Source material START

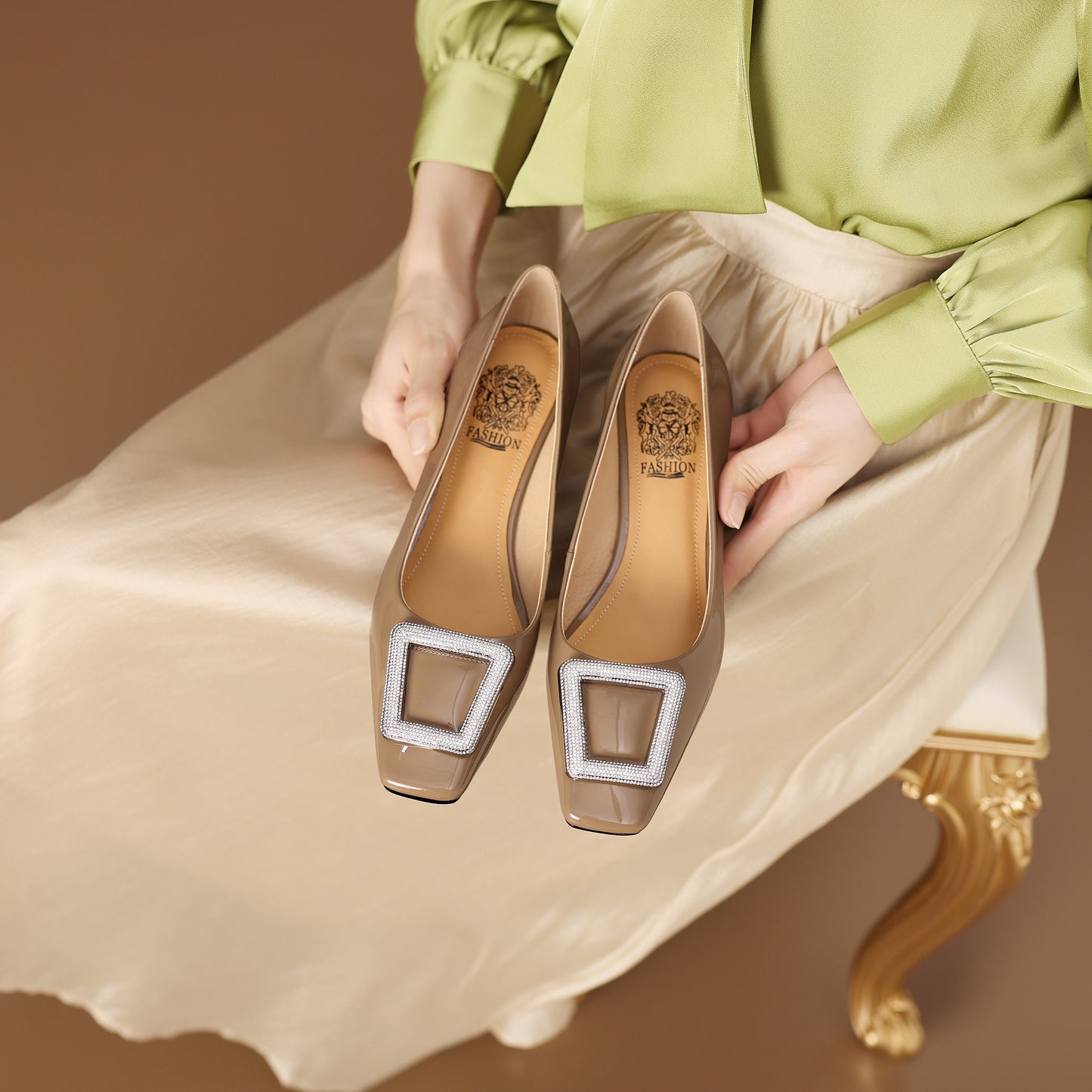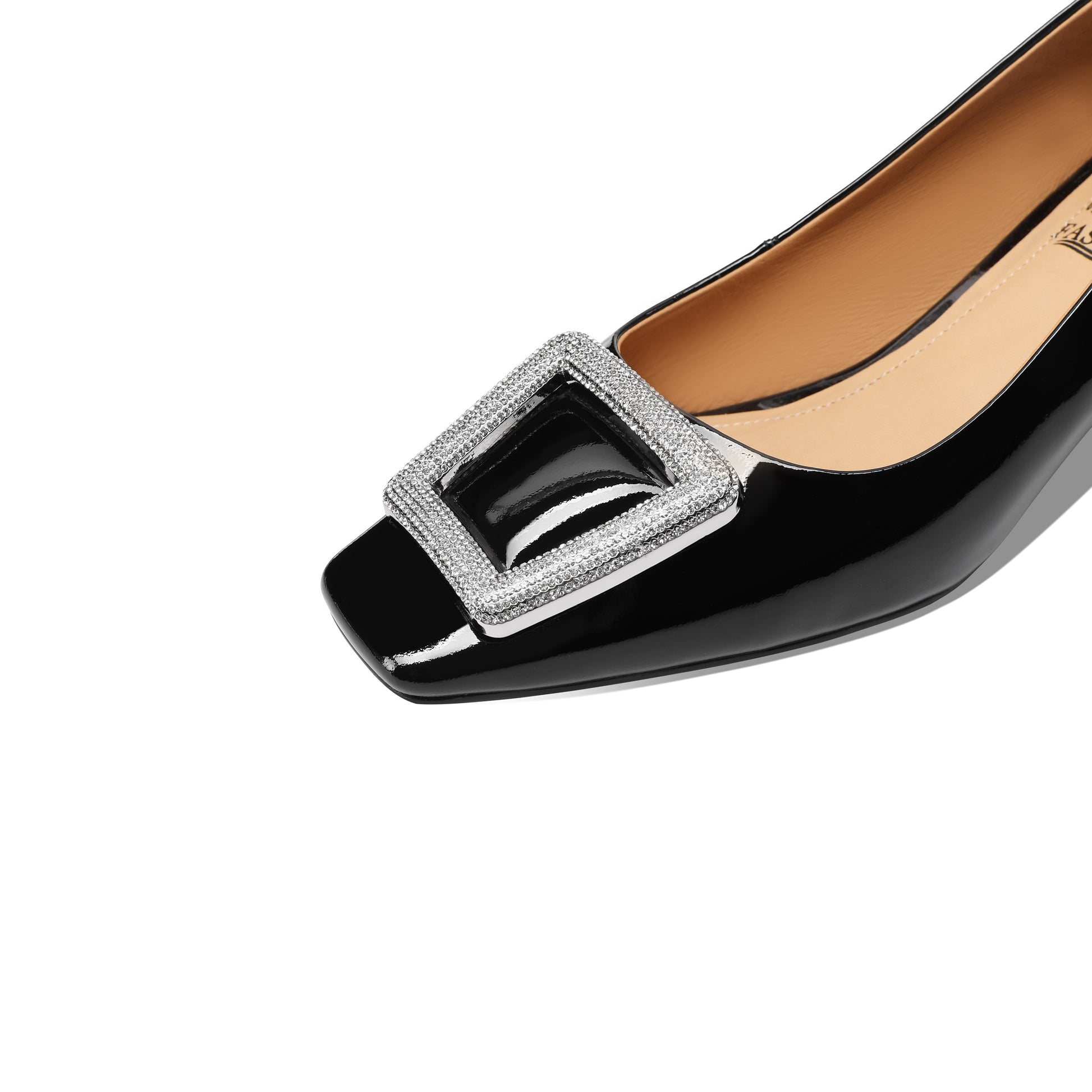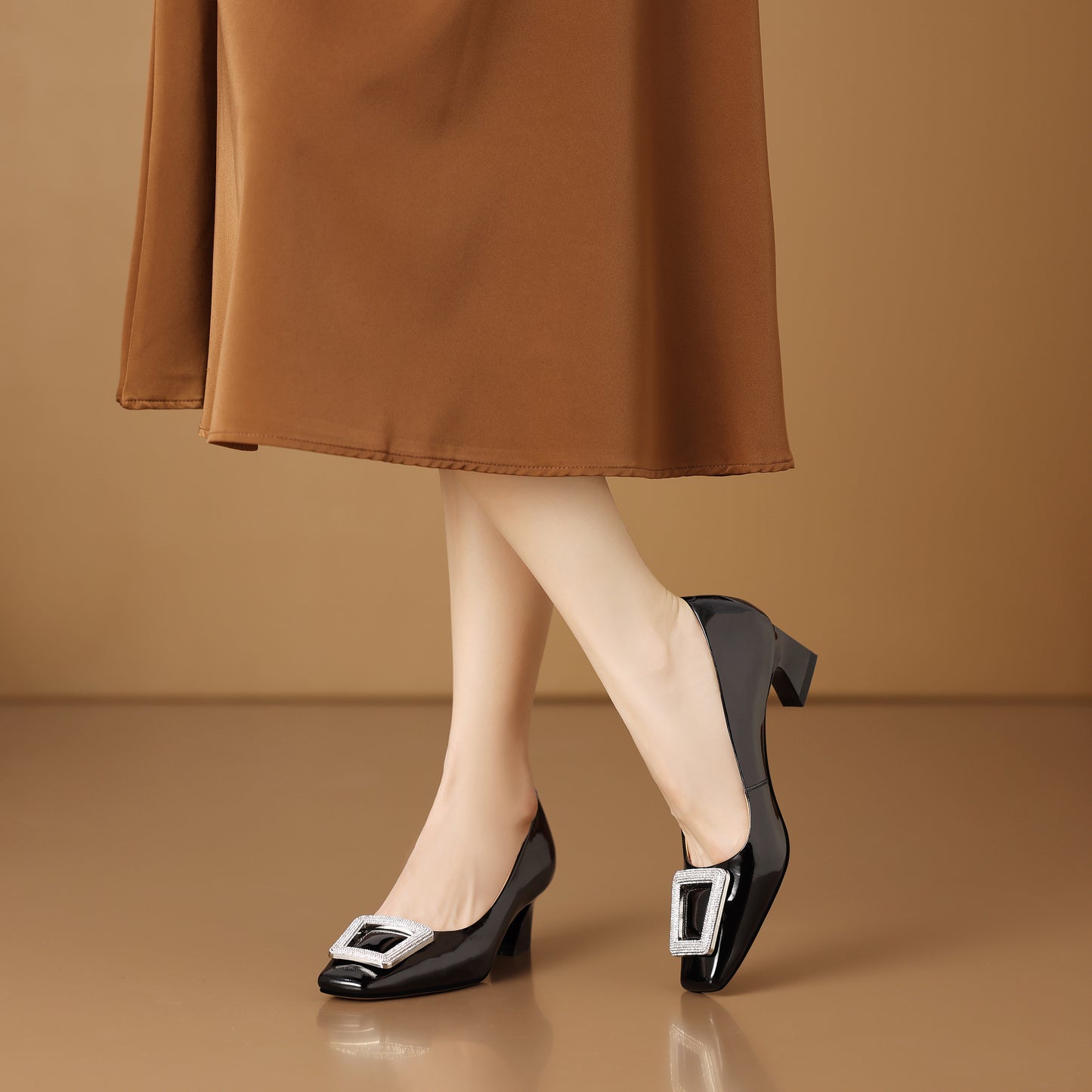 TinaCus Handmade Patent Leather Women's Buckle Square Toe Pumps
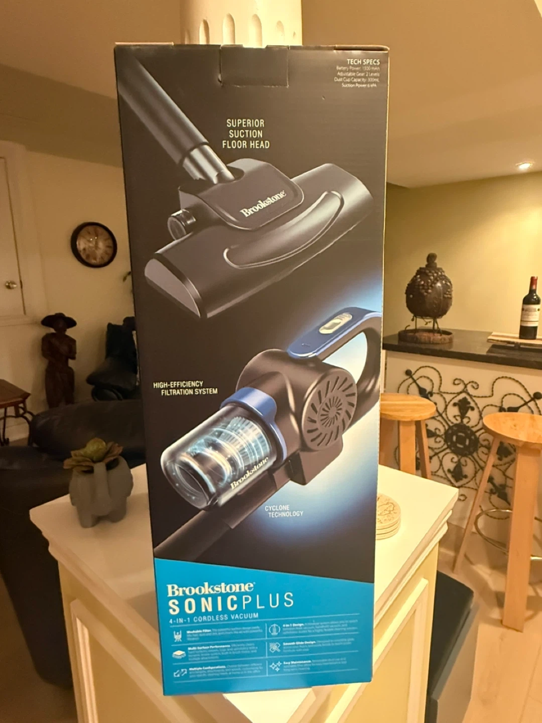 Brookstone SONICPLUS 4-in-1 cordless vacuum system. It features a 1500 mAh battery, 2 adjustable gears, and 6 kPa suction power. The dust cup capacity is 300mL. This vacuum offers multi-surface performance and a smooth glide design.
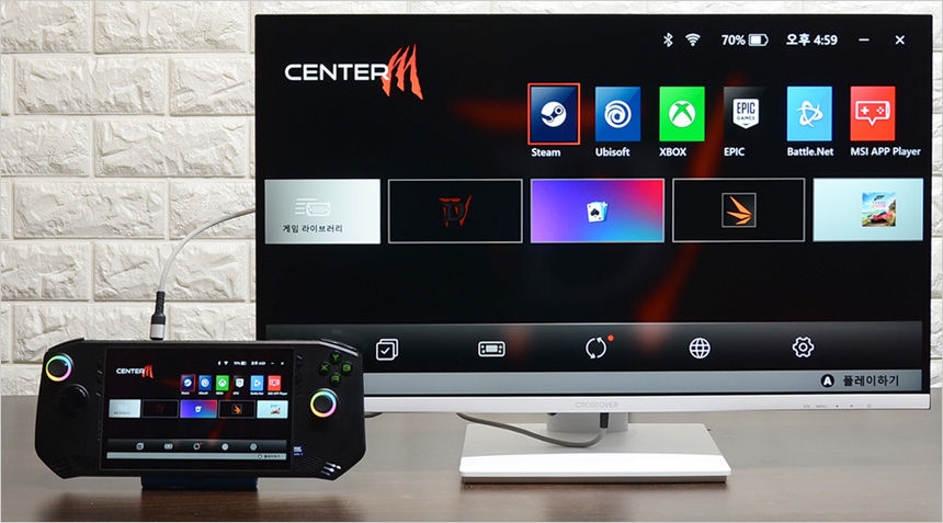 HDMI 단자를 지원해 대부분의 노트북과 편하게 연결할 수 있으며 플레이 스테이션 등의 게임콘솔과 연결해 게임을 플레이 할 수 있다. 뿐만 아니라 최근 많은 유저들이 사용하고 있는 게이밍 UMPC 등과 연결해 대화면으로 게임이나 영상을 즐길 수 있다. (참고로 모니터와 게이밍 UMPC는 HDMI to C타입 케이블로 연결했다.)
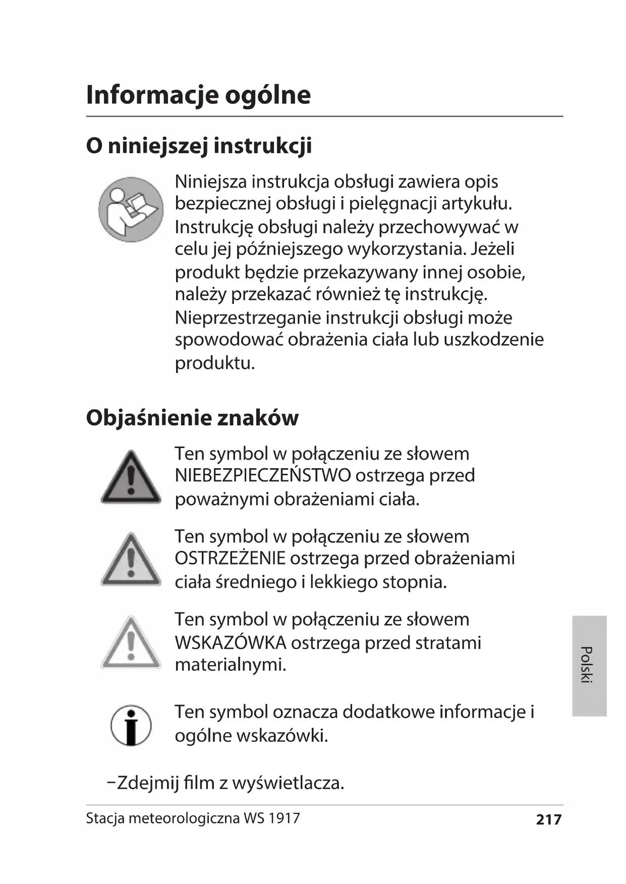 - Utylizacja 17 Stacja meteorologiczna WS 1917 Polski Informacje ogólne O niniejszej instrukcji Niniejsza instrukcja obsługi zawiera opis bezpiecznej obsługi i pielęgnacji artykułu. Instrukcję obsługi należy przechowywać w celu jej późniejszego wykorzystania. Jeżeli produkt będzie przekazywany innej osobie, należy przekazać również tę instrukcję. Nieprzestrzeganie instrukcji obsługi może spowodować obrażenia ciała lub uszkodzenie produktu. Objaśnienie znaków Ten symbol w połączeniu ze słowem NIEBEZPIECZEŃSTWO ostrzega przed poważnymi obrażeniami ciała. Ten symbol w połączeniu ze słowem OSTRZEŻENIE ostrzega przed obrażeniami ciała średniego i lekkiego stopnia. Ten symbol w połączeniu ze słowem WSKAZÓWKA ostrzega przed stratami materialnymi. Ten symbol oznacza dodatkowe informacje i ogólne wskazówki. − Zdejmij lm z wyświetlacza.218 Stacja meteorologiczna WS 1917 Bezpieczeństwo To urządzenie może być używane przez dzieci w wieku do lat 8 oraz przez osoby z ograniczonymi zdolnościami zycznymi, sensorycznymi lub mentalnymi bądź którym brakuje doświadczenia i/ lub wiedzy tylko wtedy, gdy są nadzorowane lub przeszły przeszkolenie z zakresu bezpiecznego użytkowania urządzenia i zrozumiały wynikające z tego niebezpieczeństwa. Urządzenie oraz zasilacz powinny znajdować się z dala od dzieci w wieku poniżej 8 lat. Dzieci nie mogą czyścić ani serwisować urządzenia, chyba że mają 8 lat lub więcej i są nadzorowane. Baterie mogą stanowić śmiertelne zagrożenie. Dlatego należy trzymać baterię poza zasięgiem małych dzieci. Jeśli bateria zostanie połknięta lub w inny sposób przedostanie się do ciała, należy natychmiast wezwać pomoc medyczną. W przeciwnym razie w ciągu 2godzin może dojść do ciężkich obrażeń wewnętrznych, które mogą prowadzić do śmierci. Dzieci muszą być pod stałym nadzorem, aby zapewnić, że nie będą bawiły się urządzeniem. Radiowej stacji pogodowej ani zasilacza nie wolno zanurzać w wodzie ani innych płynach. Niebezpieczeństwo porażenia prądem! Dlatego właśnie podstawy radiowej stacji pogodowej nie wolno również używać w pobliżu źródeł wilgoci, jak np. zlewu.219 Stacja meteorologiczna WS 1917 Polski Należy używać wyłącznie dostarczonego zasilacza i wymieniać go tylko na zasilacz tego samego rodzaju. Zasilacz wolno stosować wyłącznie w suchych pomieszczeniach, chroniąc go przed wilgocią. Niebezpieczeństwodla dzieci Dzieci należy trzymać również z dala od opakowania i małych elementów znajdujących się w zakresie dostawy. Połknięcie grozi uduszeniem. Niebezpieczeństwo spowodowane elektrycznością Urządzenie należy podłączyć do prawidłowo zamontowanego gniazdka elektrycznego, które odpowiada napięciu podanemu w części „Dane techniczne”. Aby zapewnić możliwość szybkiego wyjęcia zasilacza w razie potrzeby, gniazdo powinno być łatwo dostępne. W przypadku uszkodzenia zasilacza lub kabla zasilającego nie wolno używać radiowej stacji pogodowej. Nie wolno zasłaniać zasilacza sieciowego zasłonami, gazetami itd. oraz należy zapewnić dostateczną wentylację. Zasilacz sieciowy może się rozgrzać. Przed podłączeniem należy całkowicie odwinąć kabel zasilacza sieciowego. Zwrócić przy tym uwagę, aby kabel nie został uszkodzony przez ostre krawędzie lub gorące przedmioty.220 Stacja meteorologiczna WS 1917 Zasilacz sieciowy należy wyciągać z gniazdka: − przed czyszczeniem radiowej stacji pogodowej, − kiedy podczas obsługi dojdzie do oczywistej usterki, podczas burzy. − Zawsze należy przy tym ciągnąć za wtyczkę, a nie za kabel. Nie modykować produktu ani kabla przyłączeniowego. Naprawy zlecać tylko specjalistycznym zakładom, ponieważ niewłaściwie naprawiane urządzenia stanowią zagrożenie dla użytkownika. Nie wolno wymieniać kabla zasilacza sieciowego. W przypadku uszkodzenia kabla lub zasilacza sieciowego należy go zutylizować i zastąpić zasilaczem sieciowym tego samego typu. Niebezpieczeństwo obrażeń ciała Uwaga: Zagrożenie wybuchem w przypadku nieprawidłowego obchodzenia się z bateriami. Baterii nie wolno ładować, reaktywować w inny sposób, rozkładać na części, wrzucać w ogień lub powodować ich zwarcia. Należy unikać kontaktu płynu baterii ze skórą, oczami czy śluzówką. W przypadku takiego kontaktu dane miejsca należy spłukać obcie czystą wodą i natychmiast udać się do lekarza. Informacja o szkodach rzeczowych Stację bazową i czujnik zewnętrzny należy chronić przed kurzem, uderzeniami, skrajnymi temperaturami oraz bezpośrednim nasłonecznieniem.221 Stacja meteorologiczna WS 1917 Polski Stację bazową należy również chronić przed wilgocią. Należy ją umieszczać wyłącznie w suchym, zamkniętym pomieszczeniu. Czujnik zewnętrzny jest zabezpieczony przed wilgocią, musi być jednak chroniony przed bezpośrednim zawilgoceniem, np. podczas deszczu. Wyjąć baterie ze stacji bazowej i z czujnika zewnętrznego, jeżeli są zużyte lub jeżeli stacja pogodowa nie będzie używana przez dłuższy czas. W ten sposób unika się uszkodzeń, jakie mogą powstać na skutek wycieku. Nie narażać baterii na oddziaływanie skrajnych warunków np. poprzez składowanie ich na grzejnikach lub bezpośrednio w miejscach nasłonecznionych. Podwyższone niebezpieczeństwo wycieku! W razie potrzeby przed włożeniem należy wyczyścić styki baterii i urządzenia. Zawsze wymieniać jednocześnie wszystkie baterie w stacji bazowej lub w czujniku zewnętrznym. Stosować tylko baterie tego samego typu, nie używać różnych typów ani nie mieszać zużytych i nowych baterii. Nie modykować urządzenia. Naprawy zlecać tylko specjalistycznym zakładom i przestrzegać warunków gwarancji. Do czyszczenia stacji pogodowej nigdy nie używać twardych, zarysowujących lub trących środków czyszczących itp. Może dojść bowiem do zarysowań powierzchni.222 Sta

Source material END

## Activity
Only the lines from the first line of the listing above through the line with "HDMI 단자를 지원해" should be set down, exactly and without pictures.

## Task answer
 TinaCus Handmade Patent Leather Women's Buckle Square Toe Pumps
 Brookstone SONICPLUS 4-in-1 cordless vacuum system. It features a 1500 mAh battery, 2 adjustable gears, and 6 kPa suction power. The dust cup capacity is 300mL. This vacuum offers multi-surface performance and a smooth glide design.
 HDMI 단자를 지원해 대부분의 노트북과 편하게 연결할 수 있으며 플레이 스테이션 등의 게임콘솔과 연결해 게임을 플레이 할 수 있다. 뿐만 아니라 최근 많은 유저들이 사용하고 있는 게이밍 UMPC 등과 연결해 대화면으로 게임이나 영상을 즐길 수 있다. (참고로 모니터와 게이밍 UMPC는 HDMI to C타입 케이블로 연결했다.)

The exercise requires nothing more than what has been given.